Efficient C++ Programming for Modern C++ CPUs, Chapter 4/part 2

The authors highlight significant performance differences between various CPU operations. For instance, they note that while integer operations like addition and subtraction are relatively cheap, taking around 1-2 CPU cycles, multiplication and division are more expensive, with division being particularly costly, taking up to 15 CPU cycles for 64-bit operations on modern CPUs like Skylake-X and Zen 2. Specifically, they cite estimates of 3-5 CPU cycles for multiplication and 10-18 CPU cycles for 64-bit division on recent architectures.

The discussion of CPU operation costs fits into a broader trend of optimizing software for modern hardware.
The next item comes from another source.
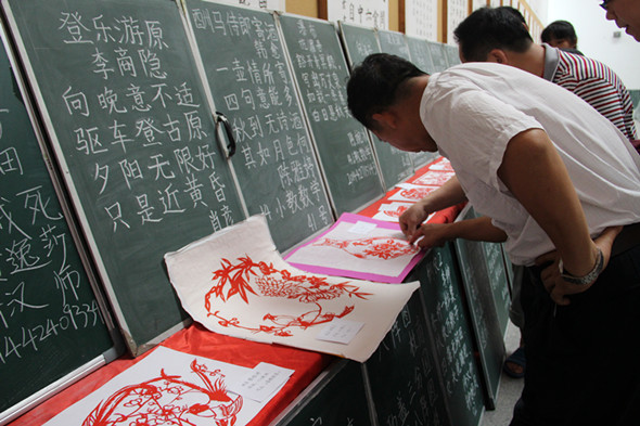 经过老师们反复的斟酌,评选结果得到最终确定。硬笔字优秀作品获得者有:14级小学教育香晓欣、卢静娴、徐诗敏、刘佩欣、赖严、丁倩君、黄诗茵、杨蕙芸、莫锦怡,13级小学教育肖玉玲、周思敏、黎宁、黎相颖、王嘉韵、张颖佩、12级小学教育黎松英、莫凯欣、陈瑞冰、梁晓怡、刘淑贞、曾乐平;毛笔字优秀作品获得者有:吴青桥、张珮怡、袁海鹏、黎相颖、蓝俊涛;粉笔字优秀作品获得者有:14小学教育数学班的香晓欣、黄诗茵、莫锦怡、李彩容、钟永媚,14小学教育文科班的赖严、刘佩欣,14汉师班的袁雪婷,13小学教育语文班的黎相颖、陈俐君、郑寿珠、范珊珊,13小学教育数学班的周思敏、肖玉玲,12小学教育语文班的李焕平、陈敏、谢杰怡和12小学教育数学班的梁晓怡、黄丽珊、吴洁英;剪纸优秀作品有:14小学教育数学班肖彦的《年年有鱼》、杨艳萍的《羊添百福》、李彩容的《春暖花开》,14小学教育语文班杨蕙芸的《和》,13小学教育数学班黎雅婷的《喜鹊报春》和《喜兔临门》、吴思仪的《凤》、陈晓琳的《百岁贺2015》、吴秋婷的《蝶恋花》。
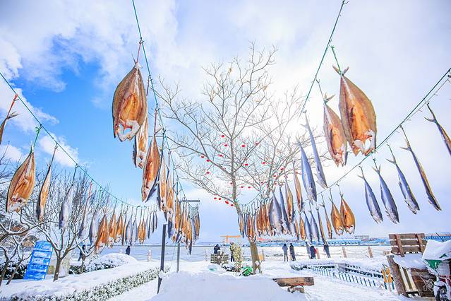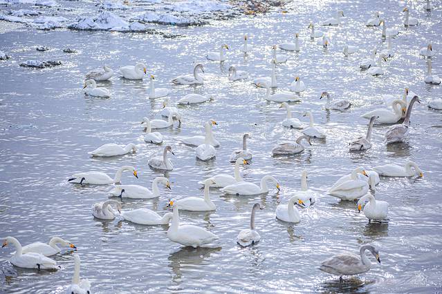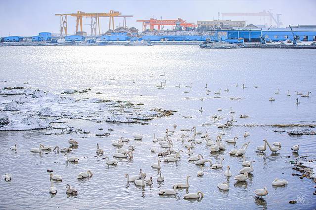 停下车后转了一圈,并没有见到传说中的天鹅湖,难道开错地方了吗?好在随着阵阵的天鹅叫声朝着海的方向走去,来的早不如来得巧,刚好遇到工作人员给天鹅喂食,成百上千从西伯利亚到此过冬的天鹅聚集在眼前,这个画面其实还是非常壮观的,据说原本这里只是一个普通的海湾,因为偶尔迷路的天鹅到此停留歇息,当地好心人给天鹅喂食,一传十十传百,成为更多的天鹅过冬的选择,原来天鹅之间也有做宣传的,实在是很接地气。

As CPU architectures evolve, software developers must adapt to take advantage of improvements and mitigate performance drawbacks. The authors' focus on C++ programming reflects the ongoing relevance of this language in systems programming and high-performance applications. Companies like Intel, AMD, and ARM are continually updating their CPU architectures, which in turn affects the performance characteristics of various operations. For example, the authors mention that recent CPUs like Alder Lake-P and Zen 4 have different performance profiles compared to older architectures.

The implications of these findings are significant for software developers, particularly those working on performance-critical applications. Understanding the costs of various operations can inform optimization strategies, such as minimizing divisions, using inline functions, and carefully evaluating the use of exceptions. The authors' estimates provide a valuable resource for developers seeking to optimize their code for modern CPUs. However, it is essential to note that these estimates may vary depending on specific use cases and hardware configurations. As the authors mention, their numbers are accurate only within an order of magnitude, highlighting the need for further research and benchmarking.